Lakaat e voned ruz : C'est nous qui mettons le bonnet rouge ! rouge et noir de de colère !
Cochon de bonnet rouge
Contre la colère de ses manants affamés qui venaient pour le pendre, le Seigneur est sorti de son château en leur disant "Je suis avec vous, notre ennemi c'est le Roi !". Et tous ensemble se mirent à hurler "À bas le Roi ! Vive notre bon Seigneur !". Et tous, le Seigneur en tête, se mirent en marche, arborant des chapeaux ronds, des drapeaux bleus, des sabots noirs ou des bonnets rouges...
Cette histoire est de partout et de tous les temps.

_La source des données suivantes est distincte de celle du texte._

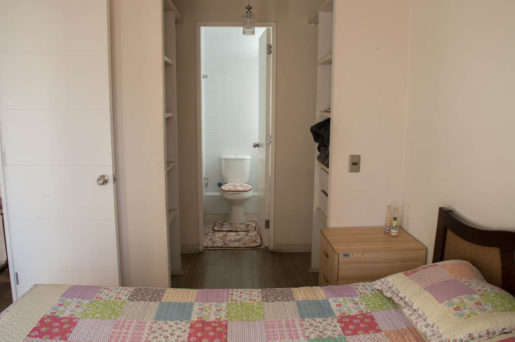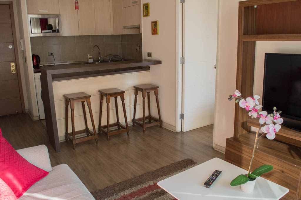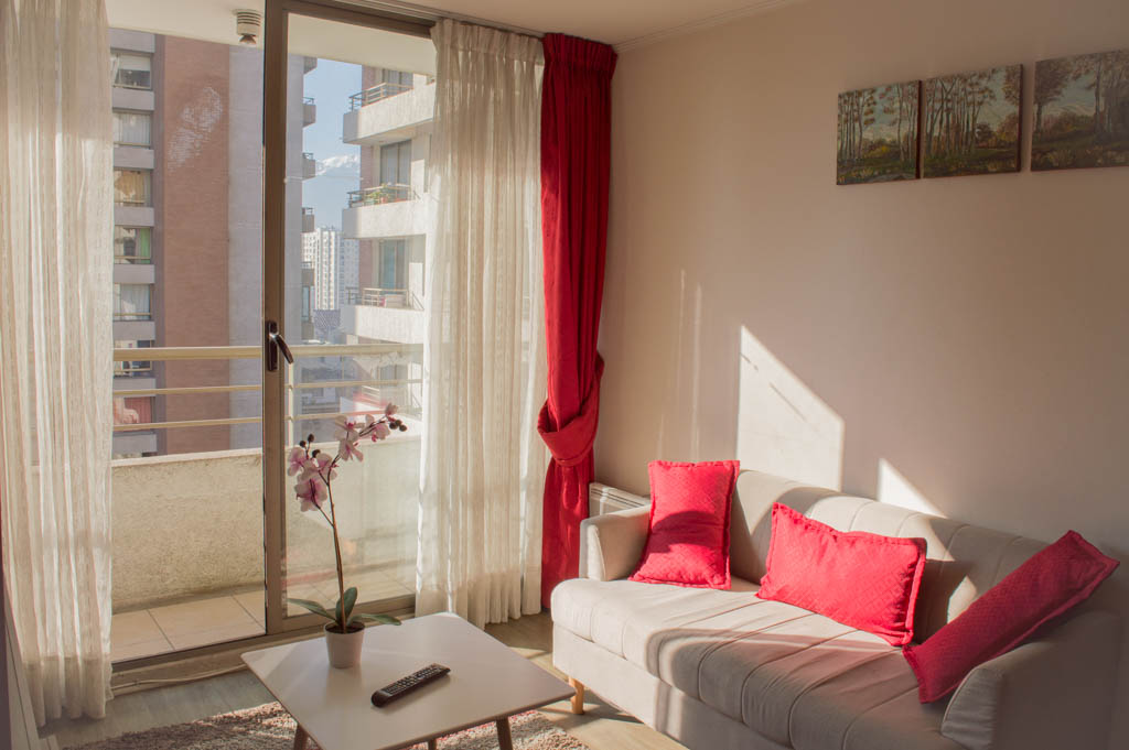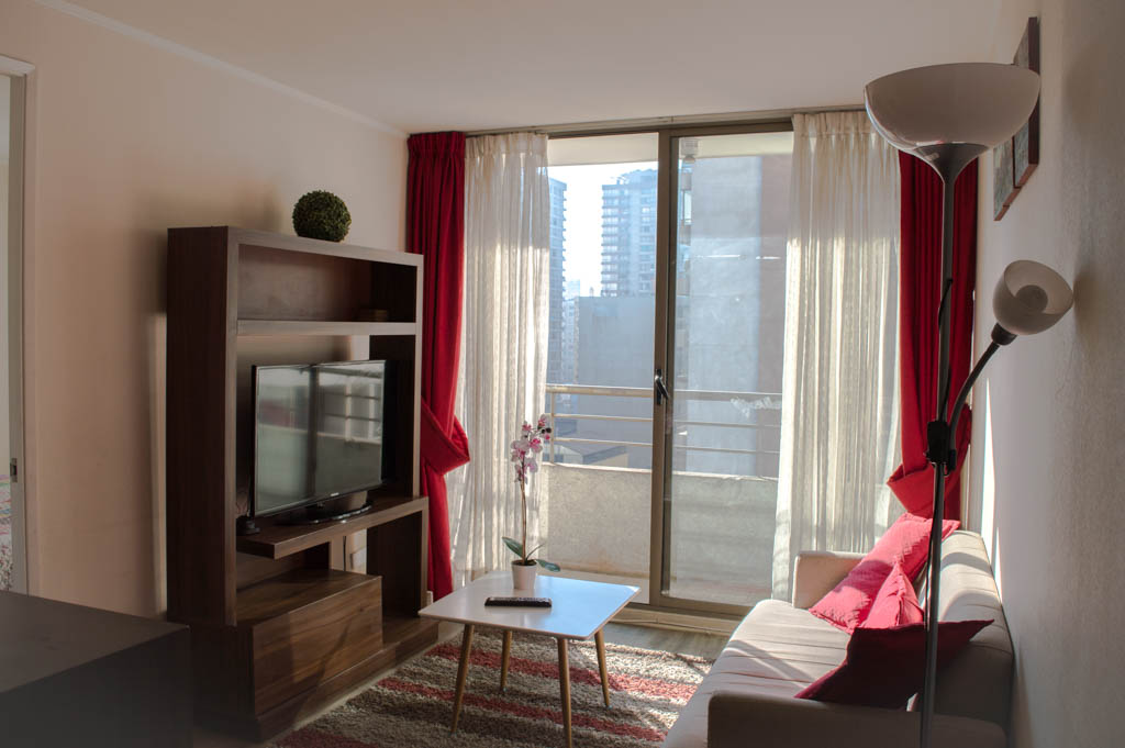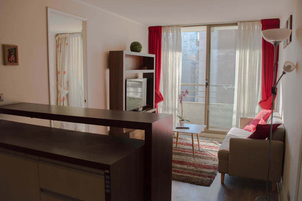 Departamento amoblado de 2 habitaciones ubicado a 2 minutos caminando de la parada de autobús y a 5 minutos caminando de la Estación de Metro Santa Lucía.El departamento tiene living, comedor, cocina (abierta), 2 baños y terraza. La habitación 1 tiene cama matrimonial, 2 clósets, mesa de noche y baño en suite; La habitación 2 tiene litera, clóset, escritorio y baño en suite; El lugar mide 65m² + 8m² de terraza aproximadamente. Se debe considerar el pago de gastos de servicios de gastos comunes, agua caliente, agua fría y electricidad que suman $ 162USD aproximadamente. El alojamiento tiene lavandería compartida cuyo valor es $ 1USD aproximadamente por carga de ropa (lavado o secado). Se debe pagar garantía (depósito) la que será devuelta al finalizar el período de arriendo; además, se debe pagar $ 43USD al momento de devolver el alojamiento para realizar la limpieza del lugar. Cerca del alojamiento se encuentra la Biblioteca Nacional, Teatro Municipal de Santiago, Cine Arte, ferias artesanales, centros culturales y el Cerro Santa Lucía, importante foco de turismo y paseos dominicales por los atractivos que presenta, como fuentes de agua, terrazas y miradores donde puedes disfrutar de una vista privilegiada de Santiago.

Ainsi, les puissants responsables de L'élevage intensif en Bretagne, soutenus par des subventions publiques depuis des années, réussissent à créer la confusion, en se posant en victimes de la catastrophe économique, humaine et environnementale qu'ils ont engendrée avec l'appui de puissants lobbies industriels et professionnels.
La lutte est en cours mais quelles sont les alternatives ? Aujourd'hui, chez un éleveur de porcs puis avec un aviculteur, qui veulent montrer que des évolutions sont possibles. "
Un reportage d'Anaëlle Verzaux.
Le patronat à la manœuvre
Une Bretagne aux mains des patrons, de l’Église et des notables on n'en veut pas ! Même si c'est au nom et au son du "Vivre, décider et travailler en Bretagne".
Cette " Bretagne ni blanche ni rouge " mais toujours parée d'hermines, de duchesse Anne aux petits sabots, de saint Yves défenseur de la charité bien ordonnée, de label Breton et d'agro-industrie, on sait par expérience ce qu'elle sera : libérale, dérégulée intensive et polluée. La surprise ne sera pas très grande : c'est ce qu'elle est déjà en grande partie.
Quant aux futurs rassemblements de Bretons de souche qui vont "au-delà des divisions entre professions ou sensibilités politiques", laissons-les dans leur au-delà et méfions-nous comme de la peste et du choléra de cette fameuse et fumeuse Union sacrée, qui n'est jamais que le cache-sexe de la réaction et la porte ouverte à la régression sociale.